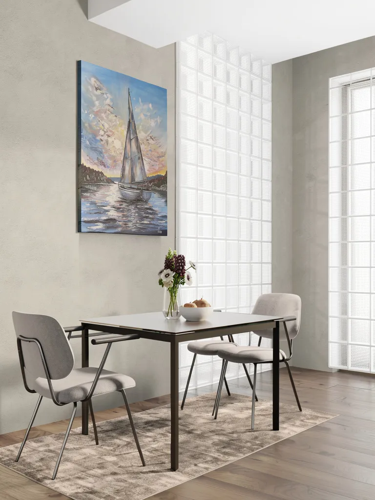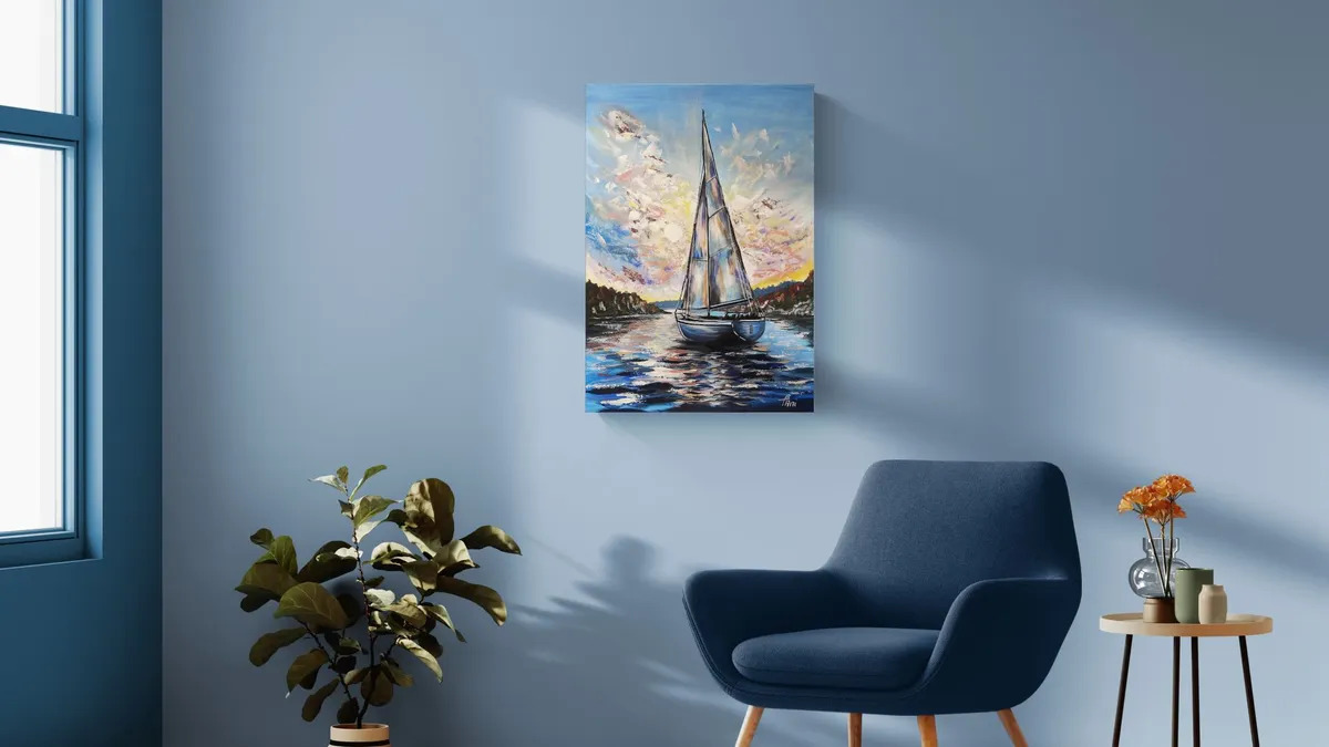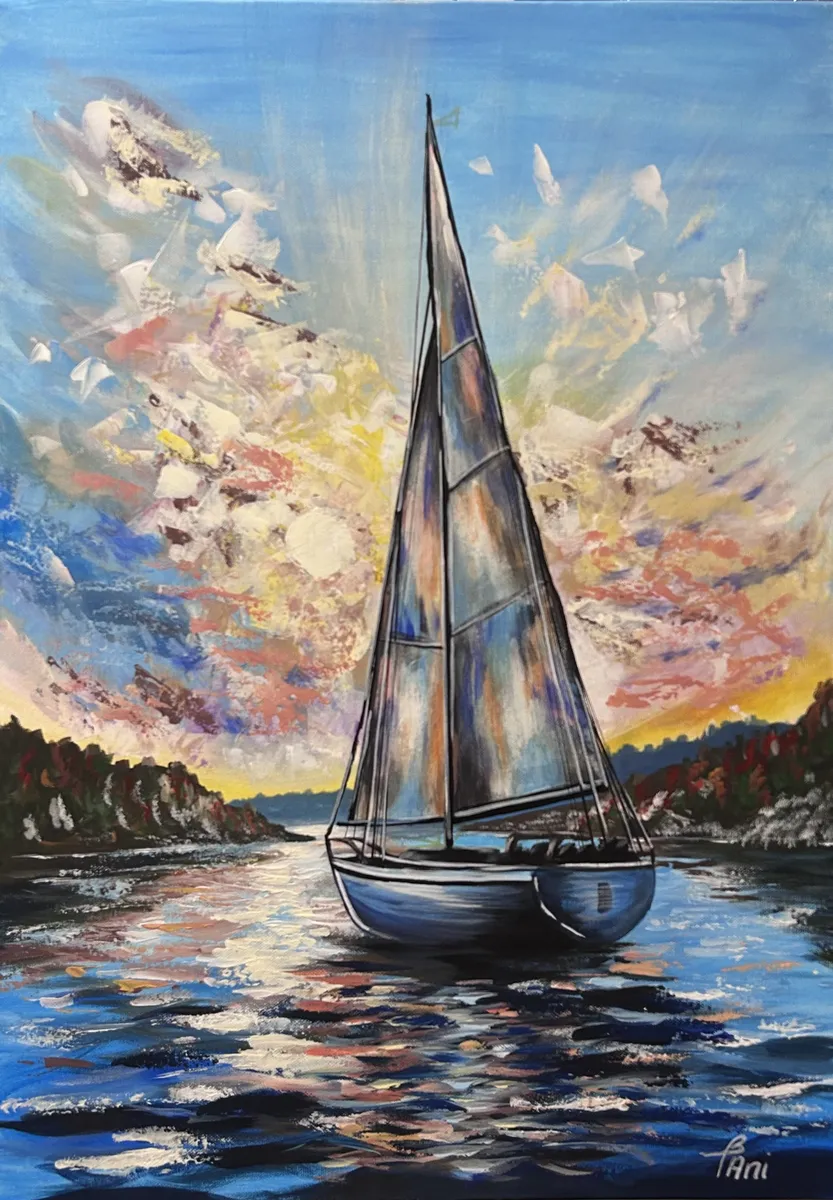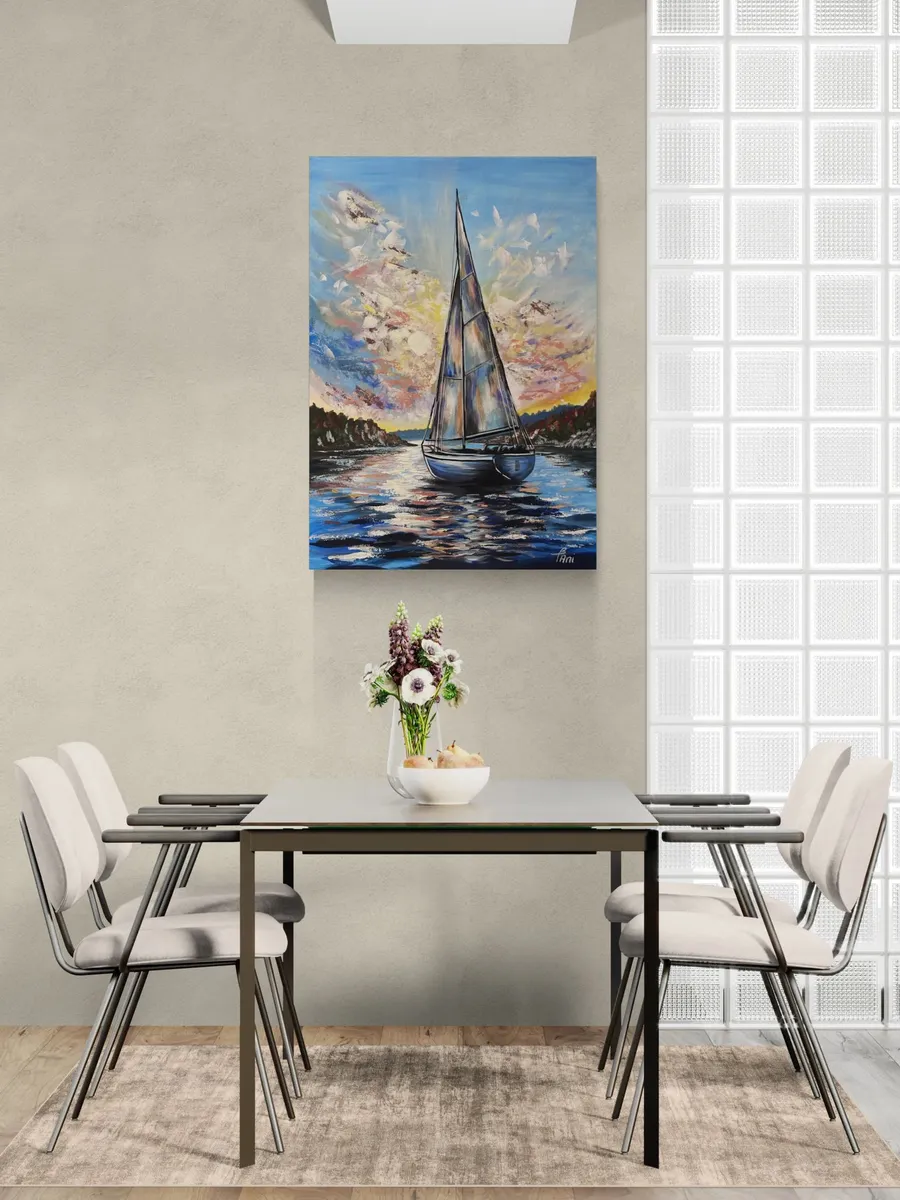 This 50 × 70 cm acrylic painting depicts a sailboat moving toward the light across the water. The composition is centered around motion and direction, symbolizing purpose and forward movement. The dynamic sky and palette knife textures create a powerful sense of energy. The vibrant colors and reflections on the water evoke freedom and inner journey. Layered techniques and mixed media approaches give the artwork depth and a distinctive character. The painting is created with acrylic using mixed techniques (brush and palette knife), and sealed with varnish for durability. Available in multiple sizes upon request. Creation time is 14 working days. Custom commissions are welcome based on individual preferences. Each artwork comes with a Certificate of Authenticity...... Ez az 50 × 70 cm-es akrilfestmény egy vitorlást ábrázol, amely a fény felé halad a vízen. A kompozíció középpontjában a mozgás és az irány áll: a hajó nemcsak halad, hanem célt is sugall. A dinamikus égbolt és a festőkéses technikával kialakított textúrák erőteljes energiát adnak a képnek. A színek játékossága és a fények tükröződése a vízen a szabadság és a belső utazás szimbólumai. A különböző festési rétegek és technikák mélységet és egyedi karaktert kölcsönöznek az alkotásnak. A festmény akrillal, vegyes technikával (ecset és festőkés) készült, lakkozott, így tartós és időtálló. Többféle méretben, megrendelésre is elérhető. Az elkészítés ideje 14 munkanap. Egyedi igényeket megbeszélés szerint vállalok. Minden festményhez eredetiségi bizonyítványt adok.
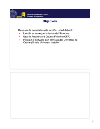 Este documento describe los pasos para instalar Oracle 10g. Explica los requisitos del sistema, la arquitectura flexible óptima (OFA) para planificar la instalación, e instalar el software con el instalador universal de Oracle. Además, cubre temas como variables de entorno, chequeos previos e inventario.
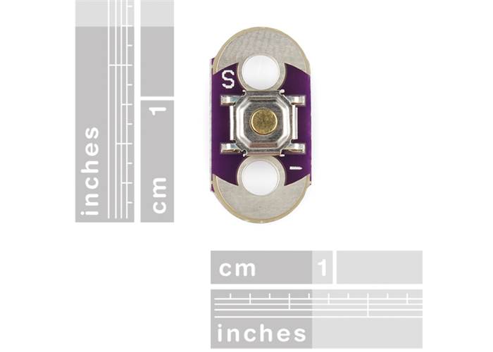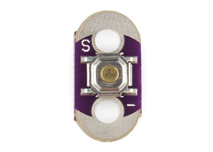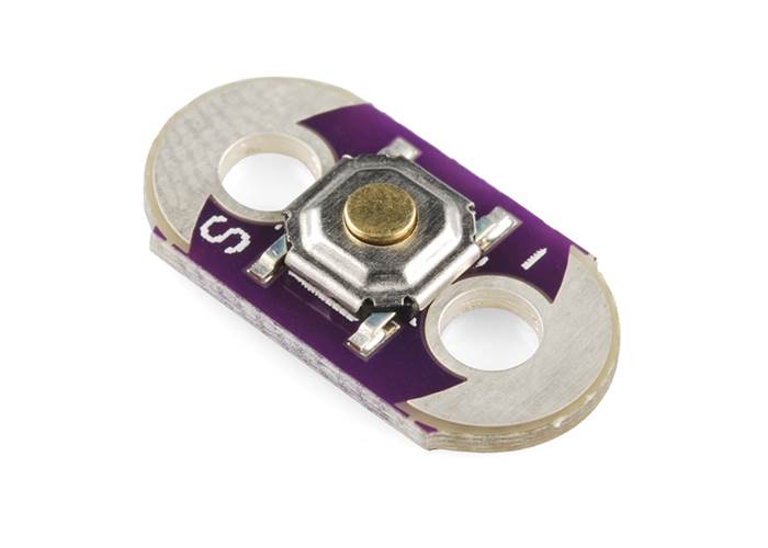 We designed this board to give the user a low profile button without any sharp edges. Button closes when you push it and opens when you release (momentary push button). LilyPad is a wearable e-textile technology developed by Leah Buechley and cooperatively designed by Leah and SparkFun.
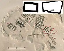Iry-Hor's tomb is the oldest tomb of the Abydos necropolis B in the Umm el-Qa'ab.[21] It comprises two separate underground chambers B1 (6 m × 3.5 m) and B2 (4.3 m × 2.45 m) excavated by Petrie in 1899 and later by Werner Kaiser.[2][22] A further chamber, now known as "B0", was uncovered during re-excavations of Iry-Hor's tomb in the 1990s.[19] These chambers have a size similar to those found in the tombs of Ka and Narmer. No superstructure, if there ever was one, survives to this day. Chamber B1 yielded jar fragments incised with his name.[21] Chamber B2 produced another incised jar fragment, a seal impression, several ink inscriptions and vessel fragments bearing the names of Ka and Narmer. Parts of a bed were also found onsite.[3]

****************

Which lines run from the one containing "Este documento describe" to the end of the data above? Set down those lines exactly, and only those, without any pictures.

 Este documento describe los pasos para instalar Oracle 10g. Explica los requisitos del sistema, la arquitectura flexible óptima (OFA) para planificar la instalación, e instalar el software con el instalador universal de Oracle. Además, cubre temas como variables de entorno, chequeos previos e inventario.
 We designed this board to give the user a low profile button without any sharp edges. Button closes when you push it and opens when you release (momentary push button). LilyPad is a wearable e-textile technology developed by Leah Buechley and cooperatively designed by Leah and SparkFun.
Iry-Hor's tomb is the oldest tomb of the Abydos necropolis B in the Umm el-Qa'ab.[21] It comprises two separate underground chambers B1 (6 m × 3.5 m) and B2 (4.3 m × 2.45 m) excavated by Petrie in 1899 and later by Werner Kaiser.[2][22] A further chamber, now known as "B0", was uncovered during re-excavations of Iry-Hor's tomb in the 1990s.[19] These chambers have a size similar to those found in the tombs of Ka and Narmer. No superstructure, if there ever was one, survives to this day. Chamber B1 yielded jar fragments incised with his name.[21] Chamber B2 produced another incised jar fragment, a seal impression, several ink inscriptions and vessel fragments bearing the names of Ka and Narmer. Parts of a bed were also found onsite.[3]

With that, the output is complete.